Fig. 6. Growth behavior in vitro and expression of different markers of the newly established RB derived stromal cell line T18 as revealed by immunohistochemical stains.

Fig. 6

a Paraffin sections of RB tumor tissue (T18 tumor), primary RB derived stromal cells (T18) and the respective immortalized RB derived stromal cells (T18_IM) stained for different markers (brown signal) with hematoxylin and eosin counterstaining (upper row) or after immunofluorescence staining for markers (red fluorescence) and DAPI counterstaining (blue fluorescence; middle and lower row; scale bars: 100 µm). b Growth curve analysis of the immortalized T18_IM RB stromal cells showing mean doubling times of 36 h. Immortalized T18 stromal cells (T18_IM) showed significantly increased cell viability and proliferation levels compared to primary T18 stromal cells (T18) as revealed by (c) WST-1 assay and (d) BrdU stains. Values are means of three independent experiments ± SEM. ****p < 0.0001 statistical differences compared to the control group calculated by Student’s t-test.

Thus, the immortalized stromal cells reflected the marker expression of the tumor of origin as well as of the primary cell culture, but displayed significantly increased proliferation.

Establishment of a 3D co-cultivation model and MACS separation of RB derived stromal cell populations

We established a 3D co-cultivation model for RB tumor and stromal cells based on a hanging drop cultivation method [35], in order to enable future investigations of the interaction of both, stromal and tumor components, on the progression and therapy outcome of RB. Figure 7a depicts a 3D RB stroma-tumor spheroid in the hanging drop cell culture and Fig. 7b displays it’s composition at different magnifications. Both, stromal (T18) and tumor (Rbl13) cell types are uniformly distributed throughout the spheroid as shown by immunofluorescence (Fig. 7b) and stromal marker staining’s of a paraffin embedded spheroid (Fig. 7c-f).

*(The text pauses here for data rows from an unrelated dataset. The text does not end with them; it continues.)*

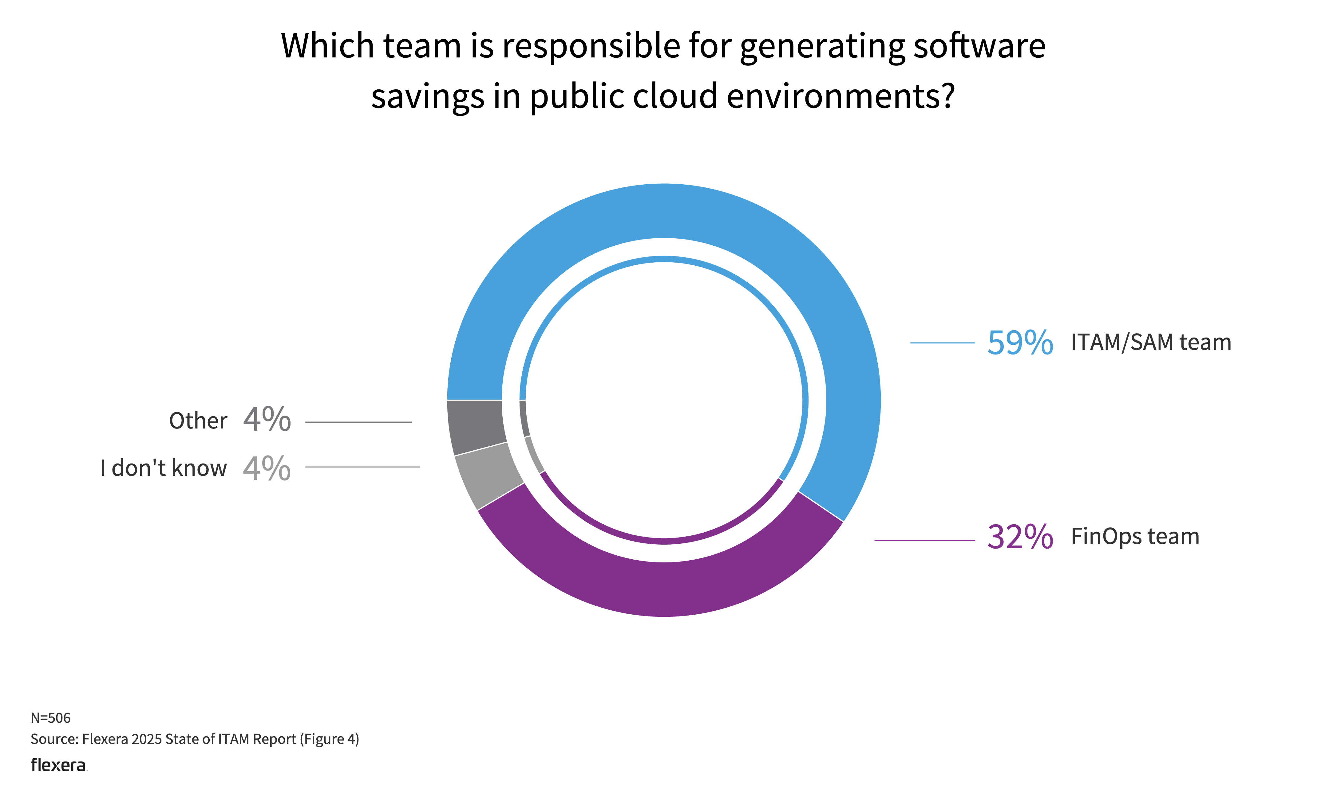 We also asked a new question in this year’s survey: Which team is responsible for generating software savings in public cloud environments? Results from our respondent pool show that roughly a third of companies have their FinOps teams manage software savings in public cloud environments—while nearly 60% are managed through ITAM teams. This suggests an area of opportunity for ITAM and FinOps teams to collaborate on optimizing software in cloud environments.
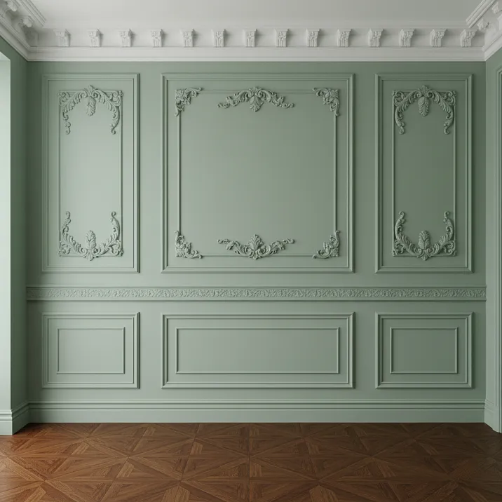 Акцентные панели — одна стена (или её часть) оформляется молдингами и накладками, создавая визуальный центр комнаты. Остальные стены остаются простыми. Это позволяет сконцентрировать внимание, не перегружая пространство.
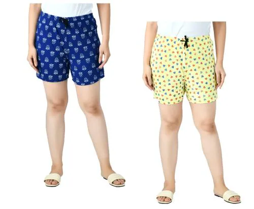 IndiWeaves Womens Cotton Printed Hot Pants/Shorts (Pack of 2) Multicolor

Fig. 7. Co-cultivation of RB tumor and stromal cells in a 3D cell culture model.

Fig. 7

a Brightfield and (b) immunofluorescence pictures showing Rbl13 tumor cells in green (GFP), T18 stromal cells in red (tomato lectin) and blue nuclei counterstaining (DAPI) of a RB tumor-stroma spheroid in a hanging drop culture at different magnifications (b; scale bars: 500 µm, 100 µm and 50 µm). c Histological analysis of paraffin sections of a RB tumor-stroma spheroid stained with different indicated stromal markers and counterstained with hematoxylin and eosin (H&E; df; scale bars: 25 µm). White arrowheads exemplarily indicate some cells, which stained positive for the respective markers (zoomed-in insets df; brown signal).

In addition, the different cell populations found in the T18_IM RB derived stromal cell line were successfully separated using MACS separation for tumor-associated macrophages (CD163 + CD68) and glia (GFAP). Thereupon, we re-analyzed the stromal marker set by real-time PCR analysis in order to show the individual expression pattern of each subpopulation (Supplementary Fig. 3a, b). All isolated subpopulations were separately stained for α-SMA, GFAP, CD68, pan-cytokeratin, vimentin, VEGFR1 and the RB marker and TFF1 by immunofluorescence (Supplementary Fig. 3c).

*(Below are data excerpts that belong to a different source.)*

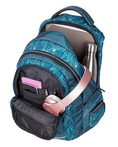 Studentský batoh WALKER FAME je dvoukomorový batoh s velkou přední kapsou uzavíranou na zip. Zadní komora má v horní části kapsičku na zip, na zadní části velkou otevřenou kapsu a vnitřní část je členěna zdvojenou přepážku, která tento prostor člení na tři samostatné části. Druhá komora je jednoduchá bez vnitřního členění. Přední velká kapsa má organizér navitý na kapse na zadní části. Organizér tvoří kapsička na mobil, síťovaná kapsička na zip a přihrádky na psací potřeby. V dolní části kapsy je reflexní paspule pro lepší viditelnost při špatných světelných podmínkách. Zádová část má ergonomické síťované polstrování. Široké nosné řemeny jsou opatřeny výškově nastavitelným spojovacím prsním páskem a reflexním páskem. V horní části je široké pevné madlo a vzadu pod ním poutko na pověšení. Po obou stranách jsou zdvojené kapsy s reflexní paspulí. Vnější menší kapsa je uzavíraná na zip, vnitřní větší je otevřená.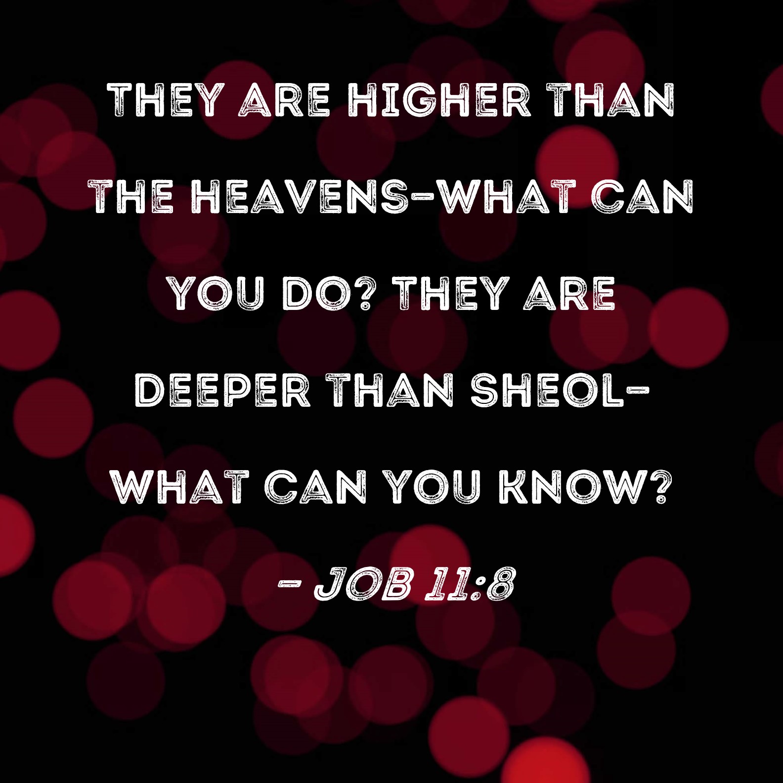 Job 11:8 They are higher than the heavens--what can you do? They are deeper than Sheol--what can you know?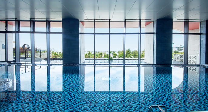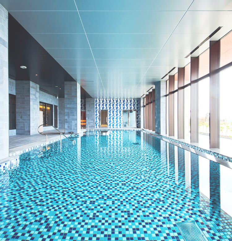 温水なので一年中いつでも泳げます。ラグジュアリーなリゾート体験をお楽しみください。

Successful separation of stromal cell populations of the RB TME and establishment of a 3D cell co-culture now enables future investigations of their individual influence on RB tumor cells.

Discussion

For a personalized RB tumor therapy, it is necessary to understand the intercellular interactions between the tumor and its TME. Several studies analyzing RB tumors at single cell level [12, 30, 36, 37] described the presence of CAFs, TAMs, astrocyte-like cells and few lymphocytes. Investigations on the effect of these TME cell types on tumor development, progression and therapy outcome require an experimental model system including both, RB derived TME stromal and tumor cells. However, to date, only a limited number of RB tumor cell lines [1416, 38] and as to our knowledge no RB stromal derived cells are available.

Thus, we established primary RB tumor cell cultures from five patients in two cell culture media. Serum-containing medium led to natural separation of suspension RB tumor cells and adherent non-tumor stromal cells, while serum-free medium did not, reflecting previous findings [39]. Sequencing showed RB cells in serum-containing medium to have a more mature phenotype compared to early developmental features observed in serum-free medium. We next set out to immortalize and characterize the RB-derived tumor and stromal cells for long-term studies on the RB-TME interplay. We confirmed tumor and non-tumor origins of the cells by RB1 mutation, MYCN FISH analyses and examined the expression of cancer and stroma-related marker proteins. Furthermore, the comparison of the primary cells with the original tumor tissue showed that the primary tumor cells are very similar to the original tumor, whereas the stromal cells are clearly different. In vivo tumor development of T14 RB tumor cells was verified by CAM assays. In addition, a specific marker panel for RB tumor cells and the RB derived stromal cells was identified and verified.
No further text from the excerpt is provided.